Stored items from a collection:

---

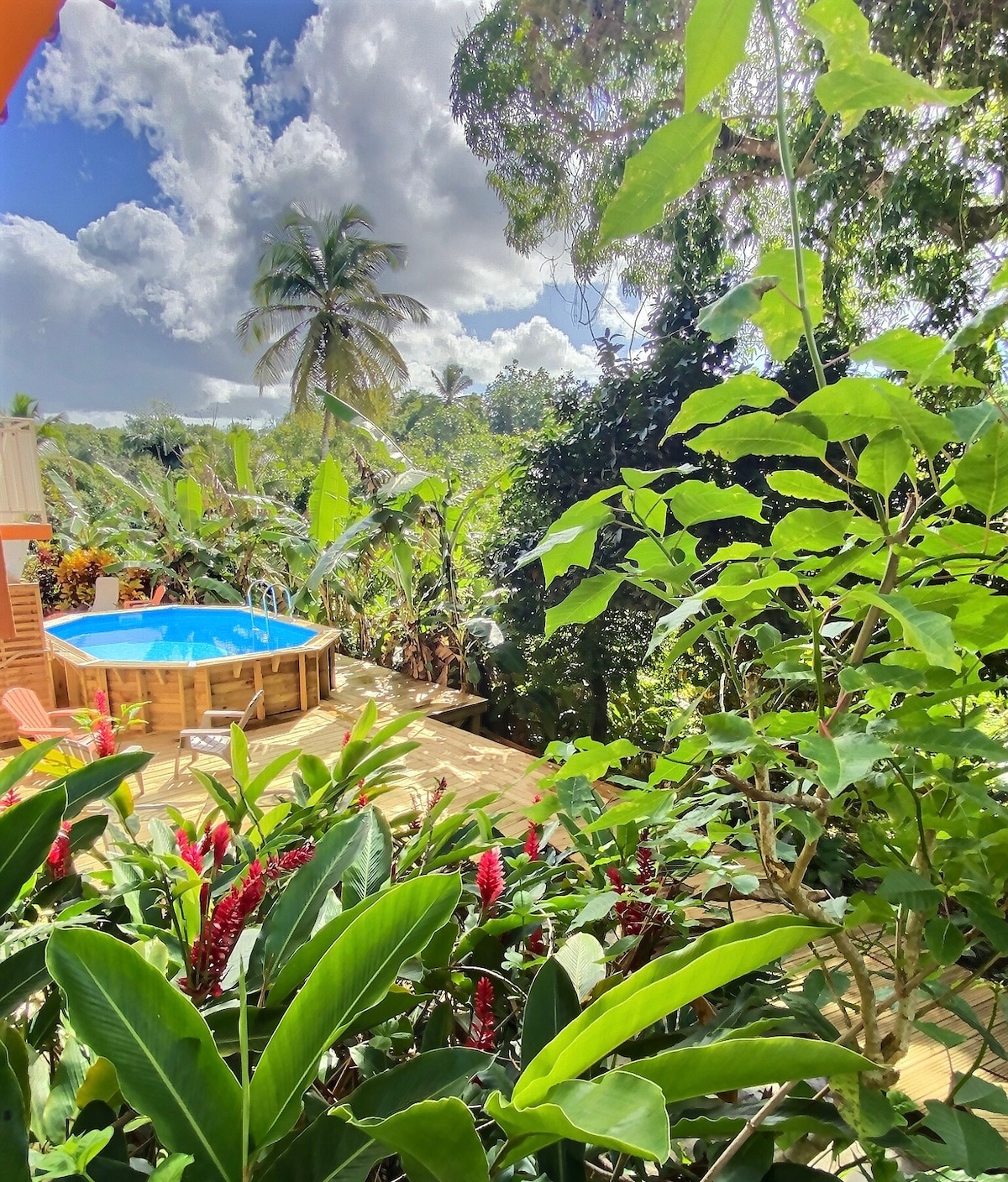 Notre Logement de 60 m2, situé dans les hauteurs de Ste Rose, dans un quartier calme et ventilé est composé d une cuisine équipée ouverte sur le salon, de 2 chambres climatisées, une salle d eau double vasques, douche à l italienne et toilettes séparées. Il dispose également d un carbet et son bassin privatifs. Vue mer des Caraïbes, à 2 km des bains soufrés de Sofaïa, des sentiers de randonnée et à 5 km des premières plages sans sargasses….
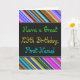 This fun, colourful and whimsical birthday-themed greeting card design features a warm birthday wish like "Have a Great 29th Birthday, First-Name!" on the front. The name on the front can be customised. There are also multicolored stripes at the top and bottom of the front. The inside features a birthday message that can be customised. A greeting card like this could be a fun way to deliver birthday wishes to somebody who is celebrating their twenty ninth birthday. [~Z0000269]
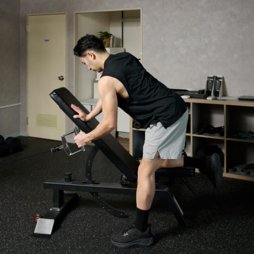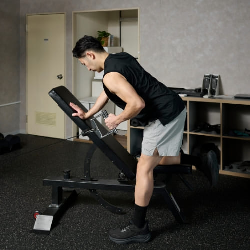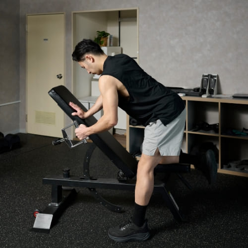 - インクラインベンチを45度程度に合わせる
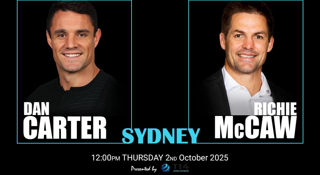 All Black SUPERSTARS Richie McCaw and Dan Carter LIVE on stage for a Lunch Event at Hyatt Regency Sydney. Two days before Game 2 of The 2025 Bledisloe Cup.
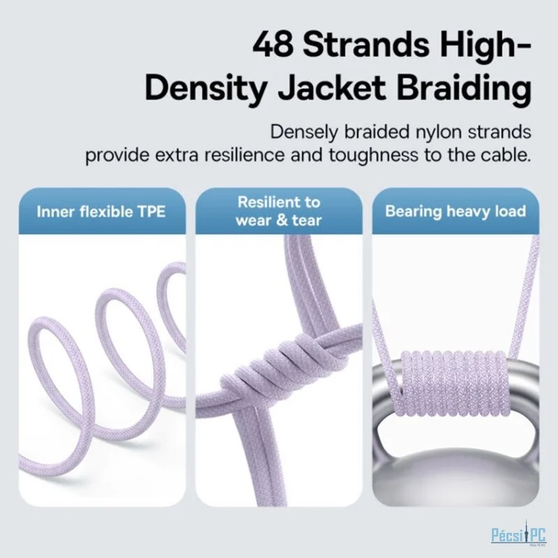 USB kábel, USB-C, Lightning, USB2.0, Male/Male, 1m, Purple, Töltő és adatkábel, Szövetborítás
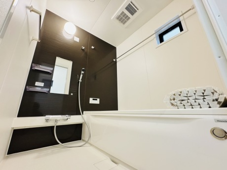 【浴室】ご家族との憩いの場として、一日の疲れを癒す場として、ゆったりと足を伸ばしてくつろげる綺麗で清潔感のある浴室。浴室には浴室暖房乾燥機を装備。雨の日も気にせず洗濯物を乾燥させられます♪※9/22撮影
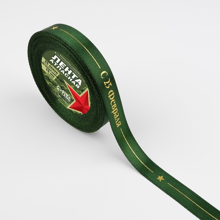 Лента атласная «С 23 Февраля!», 15 мм × 23 м ± 1 м, цвет зелёный
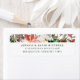 Estas elegantes etiquetas de regresos de bodas de vacaciones cuentan con flores de acuarela rústicas con pinecones, ramas, bayas, hojas, flores rojas y rosas blancas.
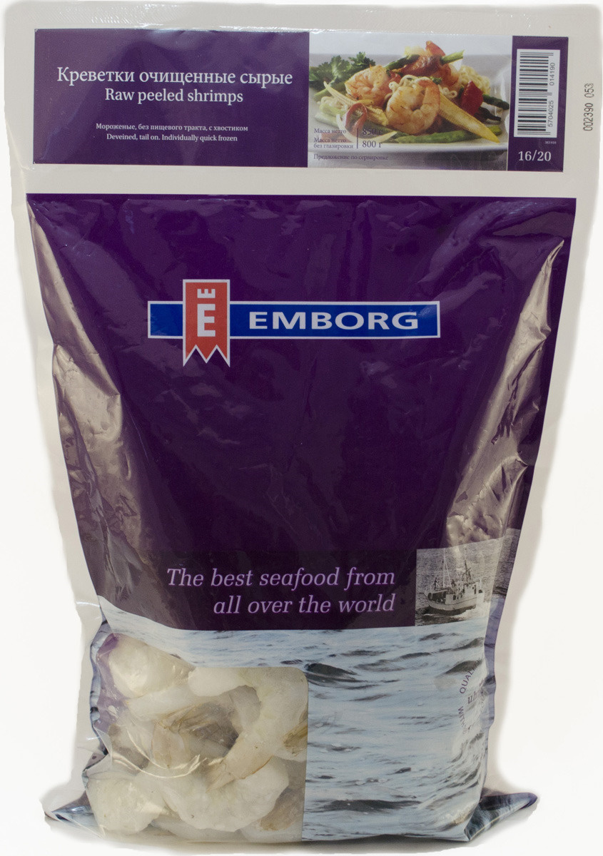 Креветки тигров. EMBORG 16/20 с/м б/г в панцире 850г (10)
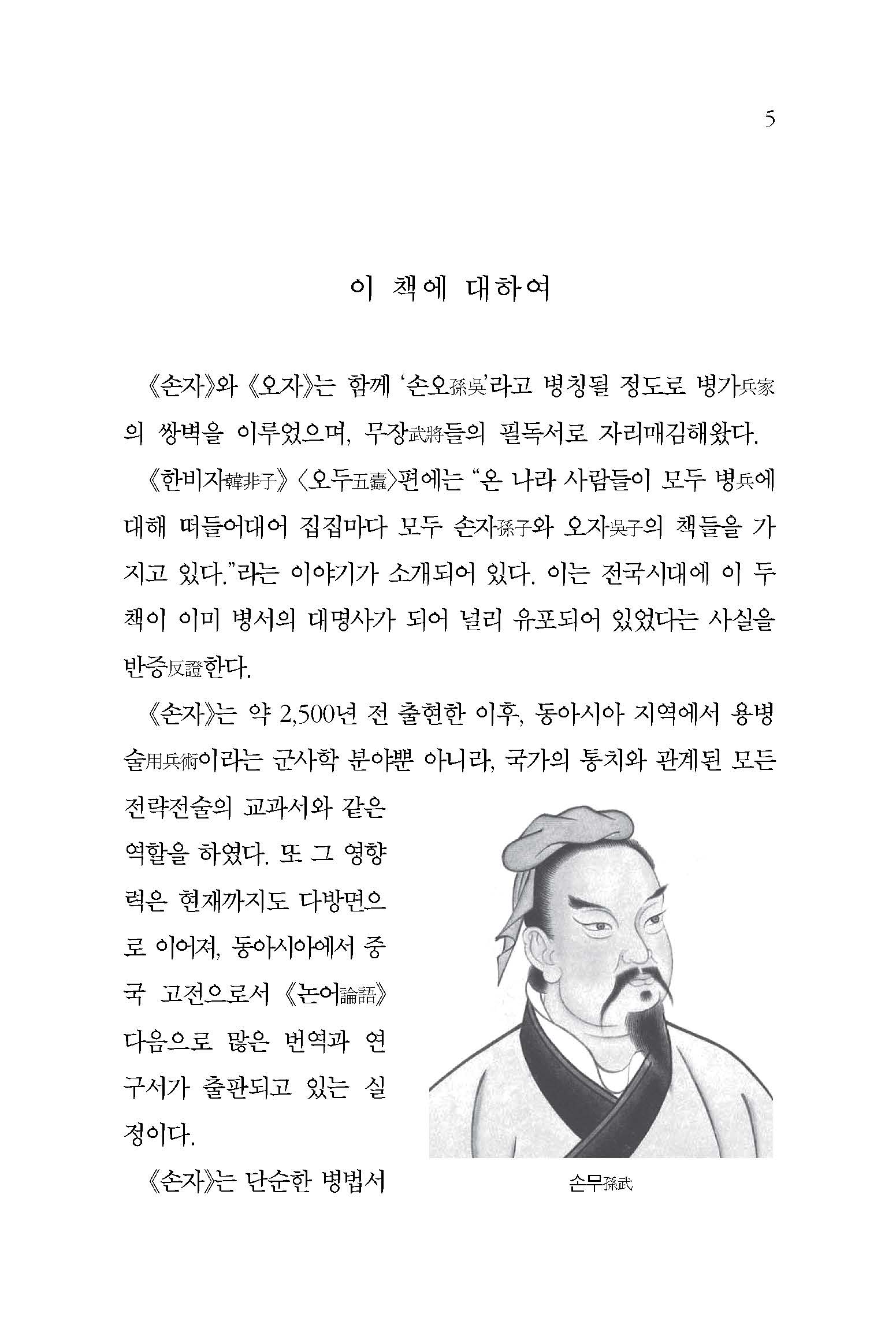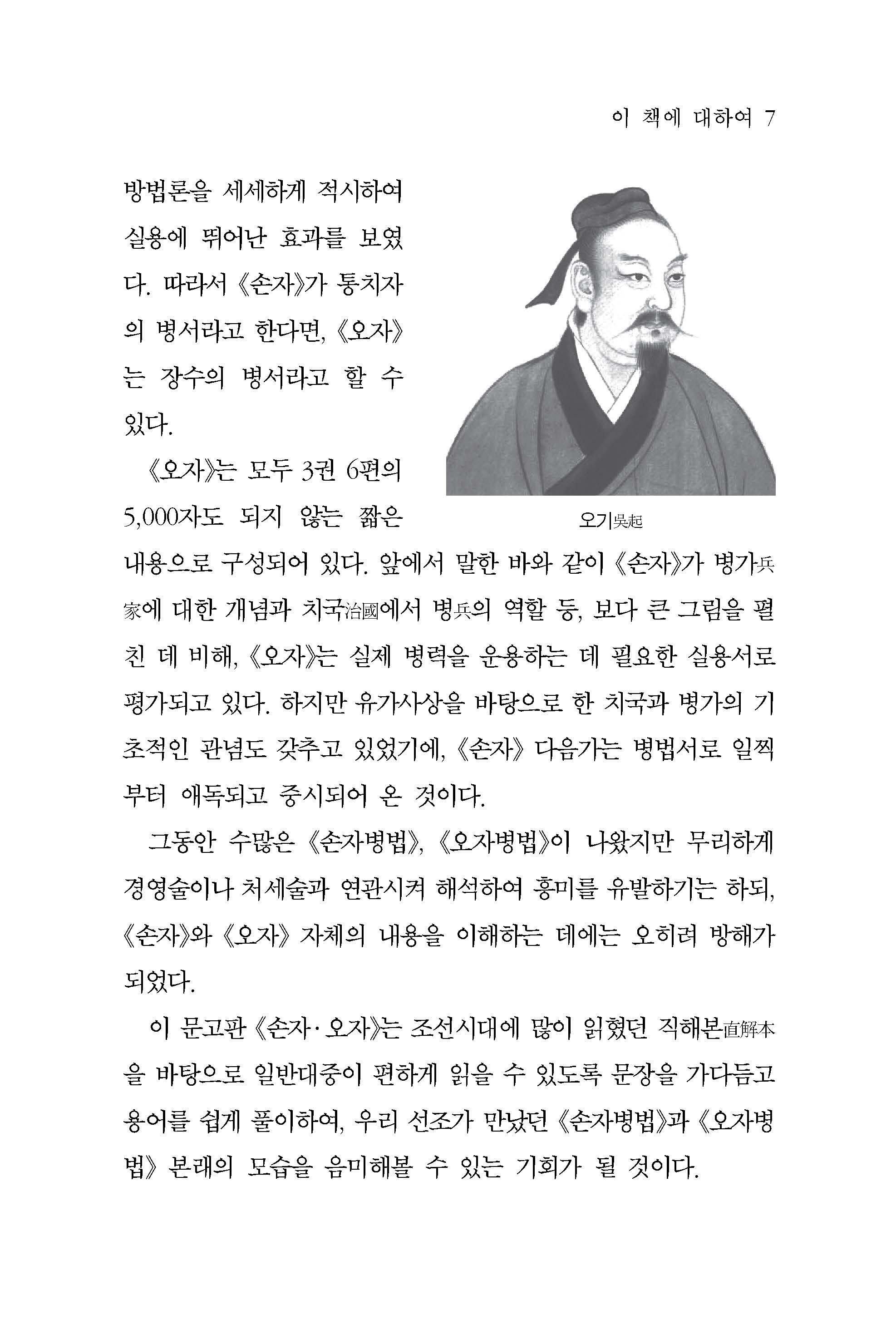 그동안 많은 ≪손자≫와 ≪오자≫ 관련 서적이 나왔지만 무리하게 경영술이나 처세술과 연관시켜 해석하여 흥미를 유발하기는 하되, 원전 자체의 내용을 이해하는 데에는 오히려 방해가 되었다. 문고판으로 현대인이 읽기 쉽게 구성한 본서를 음미해 읽어보면, ≪오자≫가 ≪손무자≫와 더불어 2,500여 년 동안 병가兵家의 경서로 중요시되었던 이유를 이해할 수 있을 것이다.
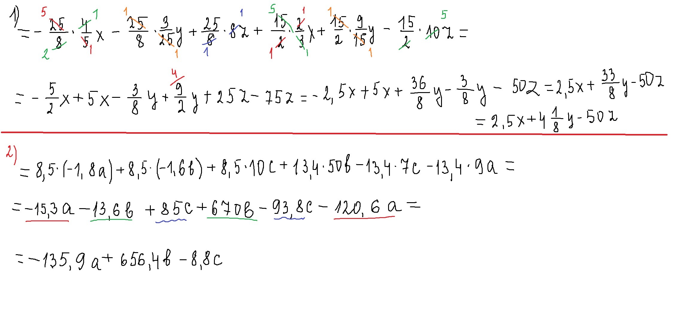 1)=-25/8(4/5x+3/25y-8z)+15/2(2/3x+9/15y-10z)=-2 1/2x-0.375y+25z+5x+4.5y-75z=2 1/2x+4.125y-50z
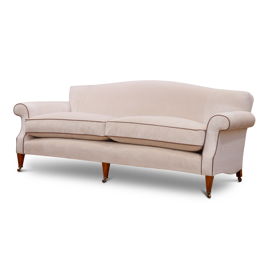 The Boswell sofa is true to its Georgian heritage. Elegantly styled with graceful proportions, it has a low camel back and scrolling arms. Large 3 seater with two seat cushions, it is sold as seen in our beautiful Troilus – Parchment.
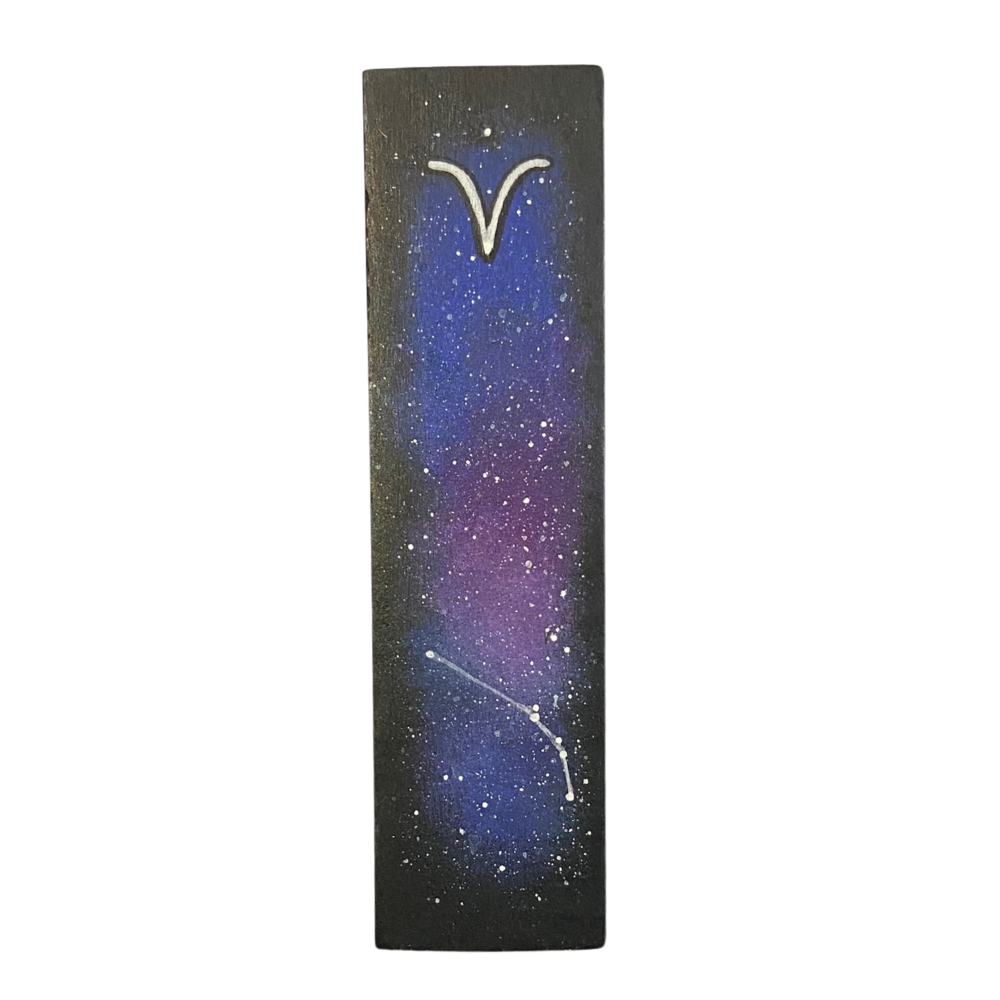 Feito em madeira pintada à mão, este imã exibe o símbolo e a constelação de Áries em um fundo cósmico vibrante, evocando a coragem e a energia do primeiro signo do zodíaco.
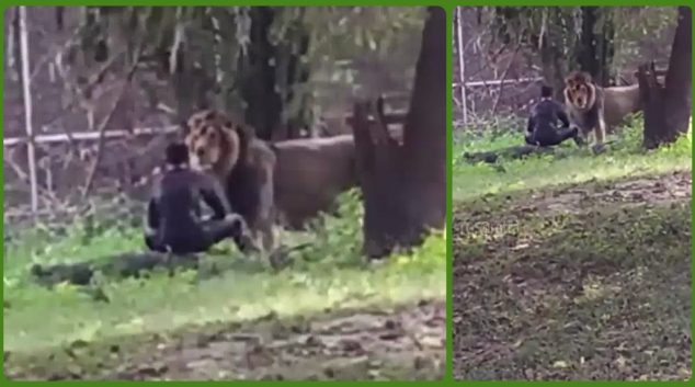 Пијаниот отиде кај лавот за да си направи отворен муабет лице в лице

---

→ **TO DO**: Word for word, quote the lines above. Omit the pictures.

→ **FINISHED TASK**:
 Notre Logement de 60 m2, situé dans les hauteurs de Ste Rose, dans un quartier calme et ventilé est composé d une cuisine équipée ouverte sur le salon, de 2 chambres climatisées, une salle d eau double vasques, douche à l italienne et toilettes séparées. Il dispose également d un carbet et son bassin privatifs. Vue mer des Caraïbes, à 2 km des bains soufrés de Sofaïa, des sentiers de randonnée et à 5 km des premières plages sans sargasses….
 This fun, colourful and whimsical birthday-themed greeting card design features a warm birthday wish like "Have a Great 29th Birthday, First-Name!" on the front. The name on the front can be customised. There are also multicolored stripes at the top and bottom of the front. The inside features a birthday message that can be customised. A greeting card like this could be a fun way to deliver birthday wishes to somebody who is celebrating their twenty ninth birthday. [~Z0000269]
 - インクラインベンチを45度程度に合わせる
 All Black SUPERSTARS Richie McCaw and Dan Carter LIVE on stage for a Lunch Event at Hyatt Regency Sydney. Two days before Game 2 of The 2025 Bledisloe Cup.
 USB kábel, USB-C, Lightning, USB2.0, Male/Male, 1m, Purple, Töltő és adatkábel, Szövetborítás
 【浴室】ご家族との憩いの場として、一日の疲れを癒す場として、ゆったりと足を伸ばしてくつろげる綺麗で清潔感のある浴室。浴室には浴室暖房乾燥機を装備。雨の日も気にせず洗濯物を乾燥させられます♪※9/22撮影
 Лента атласная «С 23 Февраля!», 15 мм × 23 м ± 1 м, цвет зелёный
 Estas elegantes etiquetas de regresos de bodas de vacaciones cuentan con flores de acuarela rústicas con pinecones, ramas, bayas, hojas, flores rojas y rosas blancas.
 Креветки тигров. EMBORG 16/20 с/м б/г в панцире 850г (10)
 그동안 많은 ≪손자≫와 ≪오자≫ 관련 서적이 나왔지만 무리하게 경영술이나 처세술과 연관시켜 해석하여 흥미를 유발하기는 하되, 원전 자체의 내용을 이해하는 데에는 오히려 방해가 되었다. 문고판으로 현대인이 읽기 쉽게 구성한 본서를 음미해 읽어보면, ≪오자≫가 ≪손무자≫와 더불어 2,500여 년 동안 병가兵家의 경서로 중요시되었던 이유를 이해할 수 있을 것이다.
 1)=-25/8(4/5x+3/25y-8z)+15/2(2/3x+9/15y-10z)=-2 1/2x-0.375y+25z+5x+4.5y-75z=2 1/2x+4.125y-50z
 The Boswell sofa is true to its Georgian heritage. Elegantly styled with graceful proportions, it has a low camel back and scrolling arms. Large 3 seater with two seat cushions, it is sold as seen in our beautiful Troilus – Parchment.
 Feito em madeira pintada à mão, este imã exibe o símbolo e a constelação de Áries em um fundo cósmico vibrante, evocando a coragem e a energia do primeiro signo do zodíaco.
 Пијаниот отиде кај лавот за да си направи отворен муабет лице в лице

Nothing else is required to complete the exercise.